As shown in FIG. 4, the first cylinder 23 includes a first rack 31, a first cylinder tube 32, and a second cylinder tube 33. The first rack 31 extends in the front-rear direction. The first rack 31 is movable in the front-rear direction. The first rack 31 includes a first end 34 and a second end 35. The first end 34 is arranged in the first cylinder tube 32. The second end 35 is arranged in the second cylinder tube 33. The first cylinder tube 32 and the second cylinder tube 33 are spaced apart from each other in the front-rear direction. The pinion gear 22 is arranged between the first cylinder tube 32 and the second cylinder tube 33 in the front-rear direction.

The first rack 31 linearly moves in the front-rear direction due to hydraulic pressure from the first hydraulic actuator 25. Specifically, the first cylinder tube 32 includes a first chamber 320. The second cylinder tube 33 includes a second chamber 330. By supplying hydraulic fluid from the first hydraulic actuator 25 to the first chamber 320, the first rack 31 moves rearward due to the hydraulic pressure in the first chamber 320. By supplying hydraulic fluid from the first hydraulic actuator 25 to the second chamber 330, the first rack 31 moves forward due to the hydraulic pressure in the second chamber 330.

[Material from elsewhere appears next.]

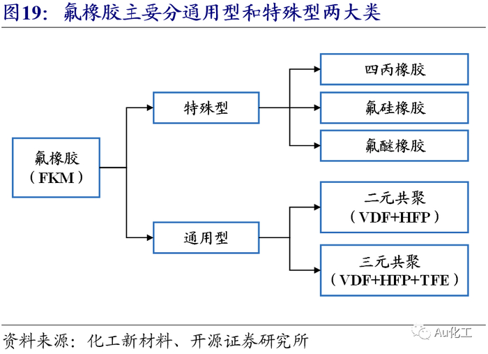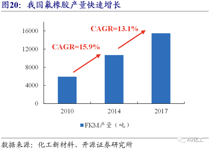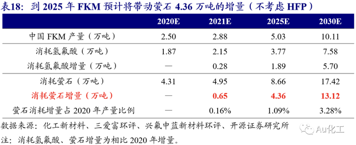 FKM:技术性能优异,需求将进一步扩大。氟橡胶(FKM)以VDF(偏氟乙烯)为主要成分,与HEP(六氟乙烯)共聚,或进一步再与TFE(四氟乙烯)反应而成。FKM具有出色的耐高温性能、高化学稳定性、耐候性、抗氧化性、耐油性以及很低的透气性。在军事工业上,FKM主要用于航天、航空及运载火箭、卫星、战斗机、新型坦克的密封件、油管和电气线路护套等方面,是国防尖端工业中无法替代的关键材料。目前FKM的类型主要有通用型和特殊型两种,通用型包括二元共聚物和三元共聚物;特殊型包括四丙橡胶等。随着氟橡胶的优异特性被逐渐认识,新的应用领域不断被开发出来,氟橡胶的需求量迅速增加。根据国化新材料研究院、化工新材料数据,2020年,国内汽车工业对氟橡胶的需求量将达到1.75万吨左右,加上其他领域的消耗,约有2.5万吨的市场规模。随着中国汽车工业、航空航天、石油化工、军事等工业需求的不断增长,氟橡胶的需求量将进一步扩大。我们假设FKM未来需求复合增速为15%。又据三爱富和兴氟中蓝新材料环评数据,我们假设FKM的氢氟酸单耗平均为1.13t/t,为避免重复计算,若单耗不考虑HFP,则单耗约为0.75t/t。氢氟酸的萤石单耗为2.3t/t。测算得出,FKM的增长到2025、2030年将带动萤石4.36、13.12万吨的需求增量(不考虑原料HFP)。

The first rack 31 includes a first recess 36, a plurality of first teeth 37, and a first relief portion 38. The first recess 36 is provided on the inner side surface of the first rack 31. The first recess 36 extends in the front-rear direction. The first recess 36 is located between the first end 34 and the second end 35. The first recess 36 faces the pinion gear 22. The plurality of first teeth 37 are provided in the first recess 36. The plurality of first teeth 37 are arranged side by side with each other in the front-rear direction. The pinion gear 22 is rotated by moving the first rack 31 forward and backward while the plurality of first teeth 37 are in mesh with the pinion gear 22.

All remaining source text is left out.